Leaving pictures aside, restate exactly the lines of the data below, from the first one through the line that contains "Широкі джинси з".

[Opening Data in this exercise section]

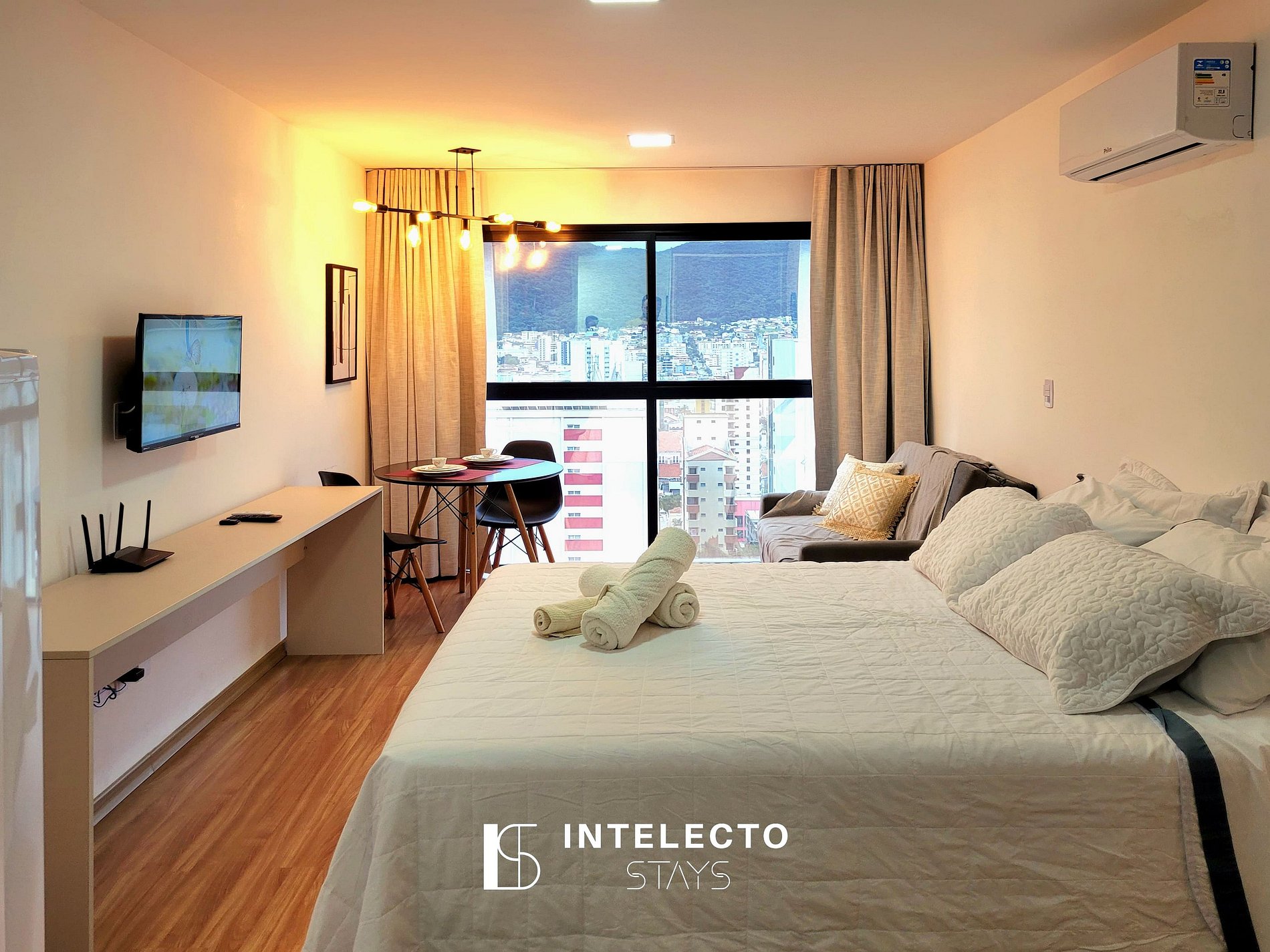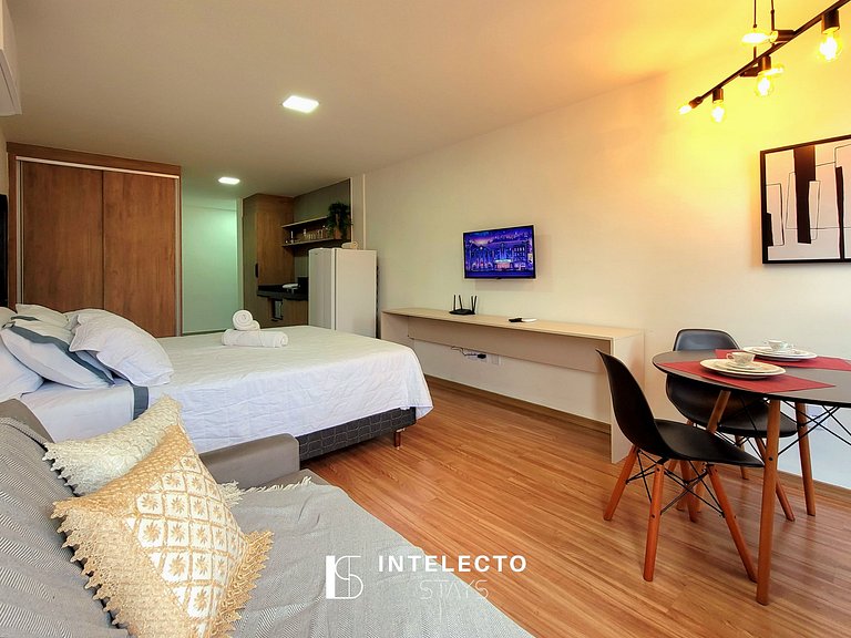 - Espaços integrados (quarto com cama queen e sala de estar com sofá-cama) com armários e guarda-roupas planejados
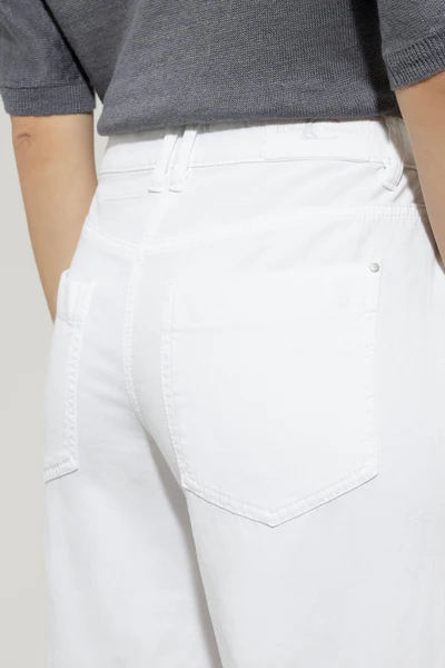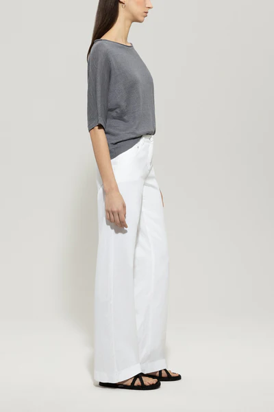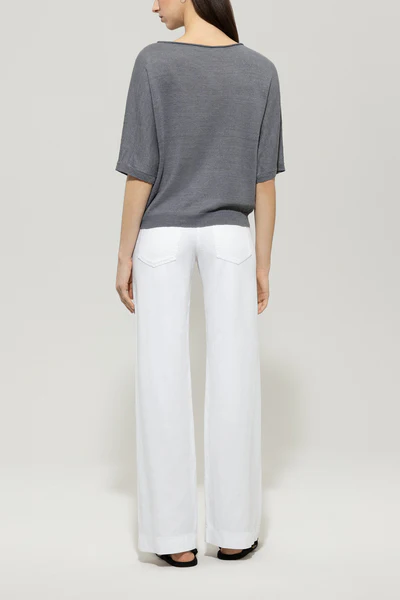 Широкі джинси з високоякісного бавовняно-лляного деніму з петлями для ременя. Мають класичний дизайн з п'ятьма кишенями та застібаються на декоративний ґудзик і блискавку.
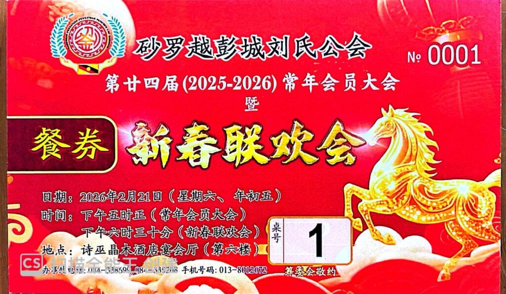 砂罗越彭城刘氏公会将于2026年2月21日(星期六,年初五)下午5时,假诗巫晶木酒店六楼宴会厅召开第廿四届(2025–2026)常年会员大会。大会结束后,将于当晚6时30分在同一地点主办2026年新春联欢晚会。
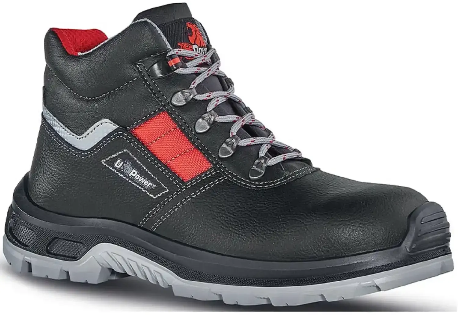 U-Power - EAN: 8033546308639 - Der U-Power Bjorn S3 SRC UF20084 ist ein wasserabweisender Sicherheitsschuh aus weichem Pull-Up Leder. Das atmungsaktive Innenfutter WingTex besitzt Zirkulationskanäle, die die Luft optimal nach draussen befördern. Die perforierte Alukappe bietet ein zusätzliches Ventil, um Luft nach aussen zu leiten. Darunter befindet sich eine Membran, die die Schuhe an dieser Stelle trotzdem dicht hält. Der Durchtrittschutz ist aus Textilien und bietet einen 100%igen Schutz. Das PolySoft Fussbett ist antibakteriell, anatomisch geformt und bietet einen sehr guten Komfort. Für ausgezeichnete Dämpfung sorgt die Zwischenschicht aus Comfort PU, die dauerhaft maximalen Abrollkomfort bietet. Die gripstarke Laufsohle mit sehr gutem Profil ist aus PU/PU und bietet dem Träger sehr guten Halt auf jedem Untergrund. Die Schuhe sind in der Weite 11 und sorgen bei fast jedem Träger für ausreichenden Komfort. - bei galaxus.de - aus Yadore Produktdaten Der U-Power Red Lion Hummer ist ein hoch geschnittener, leichter und flexibler Sicherheitsschuh mit Infinergy-Einsatz für maximale Dämpfung. ![]() ![]() U-Power Red Lion Hummer, Sicherheitsschuhe, hoch, leicht und flexibel, perforationsfest, pannensicher, mit Infinergy-Einsatz, mit Aluminium-Zehenkappen - Grey & Green 42
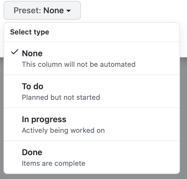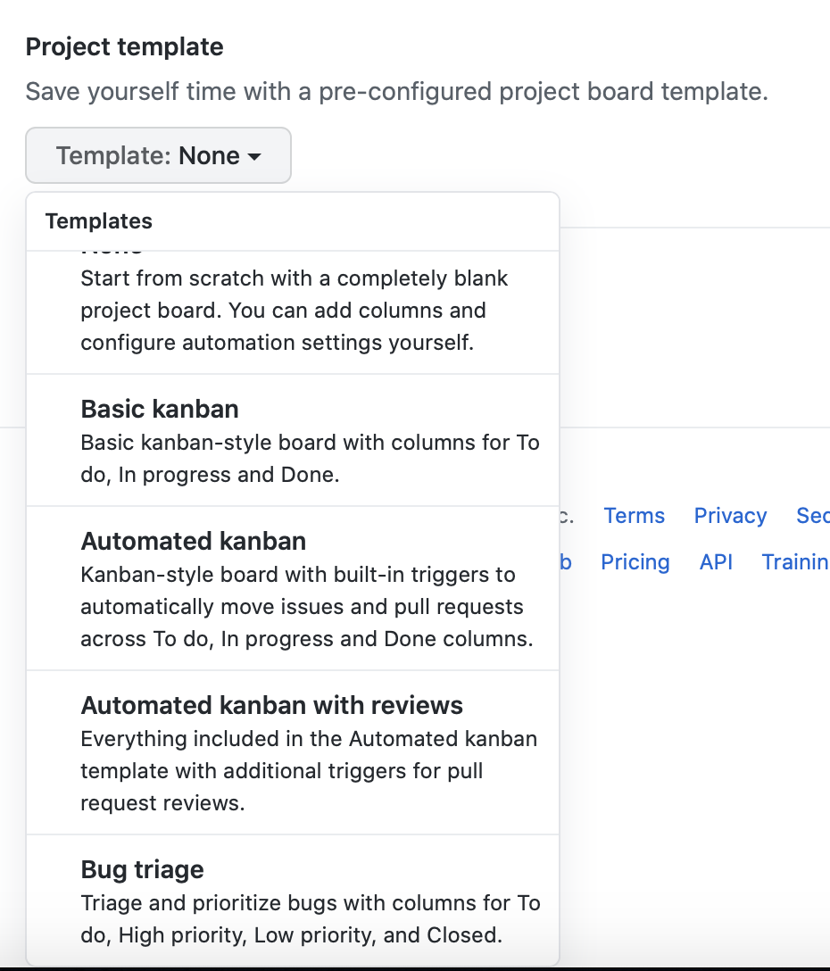 None은 완전히 빈 프로젝트 보드로 시작하는 설정입니다.
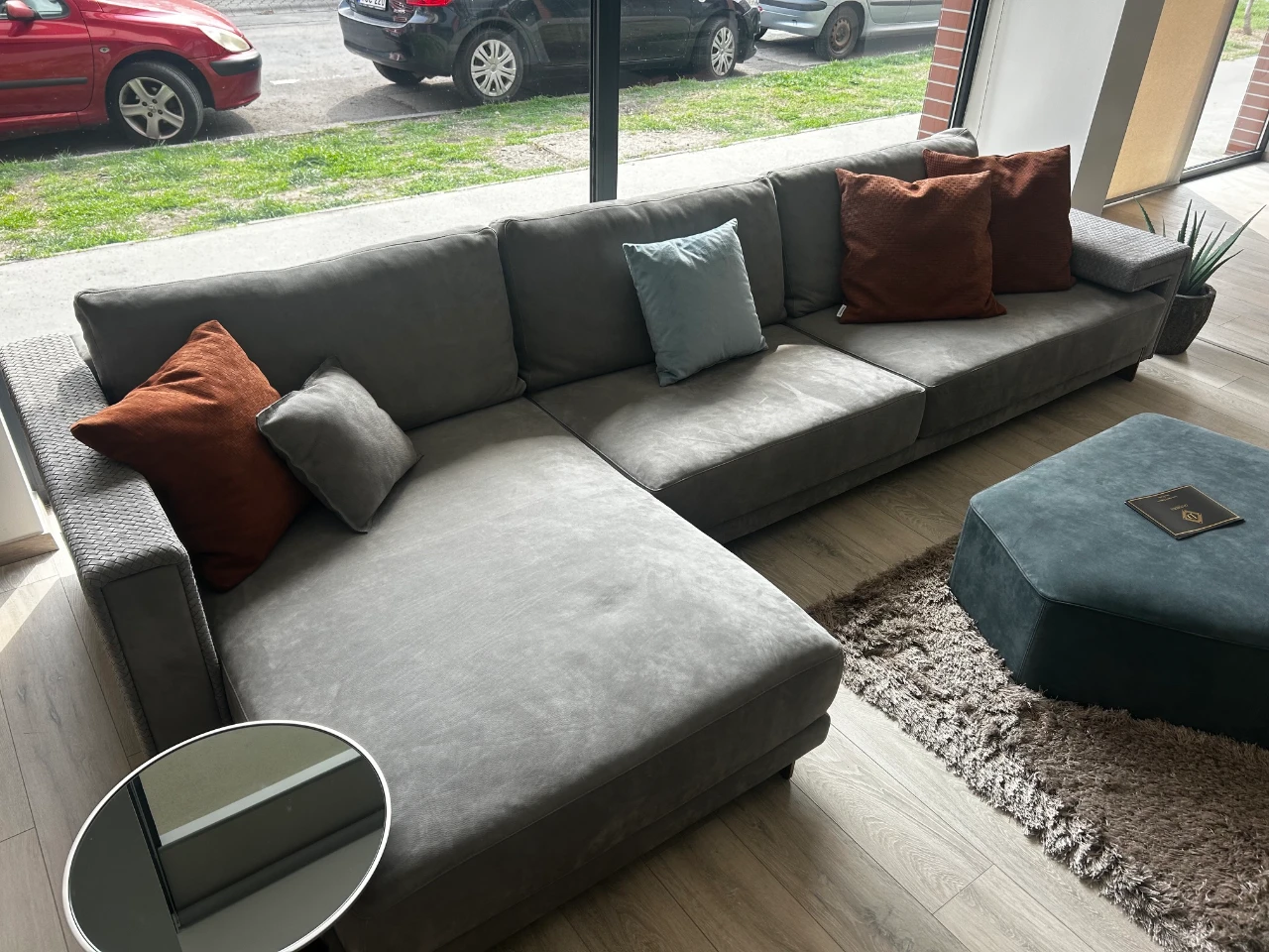 Gyönyörű extra puha nubuk marhabőr kárpitozással, rejtett vasalattal és fonott bőr karfákkal, ami azonnal feldobja otthonát. A két elem külön is használható, így maximális rugalmasságot nyújt a tér kihasználásában. A különleges szín és a prémium anyagok garantálják, hogy ez a garnitúra igazi ékköve lesz nappalijának! 🌟
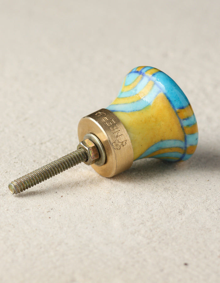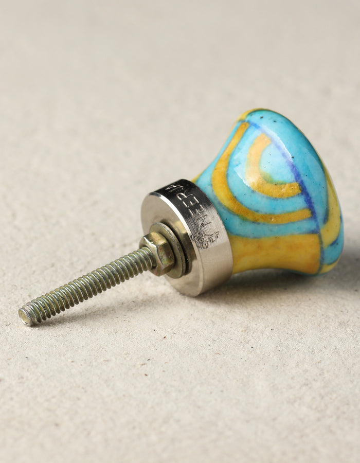 Handmade Turquoise And Yellow Ceramic Blue Pottery Kitchen Cabinet Knob

[Closing Data in this exercise section]

:: Expected answer ::
 - Espaços integrados (quarto com cama queen e sala de estar com sofá-cama) com armários e guarda-roupas planejados
 Широкі джинси з високоякісного бавовняно-лляного деніму з петлями для ременя. Мають класичний дизайн з п'ятьма кишенями та застібаються на декоративний ґудзик і блискавку.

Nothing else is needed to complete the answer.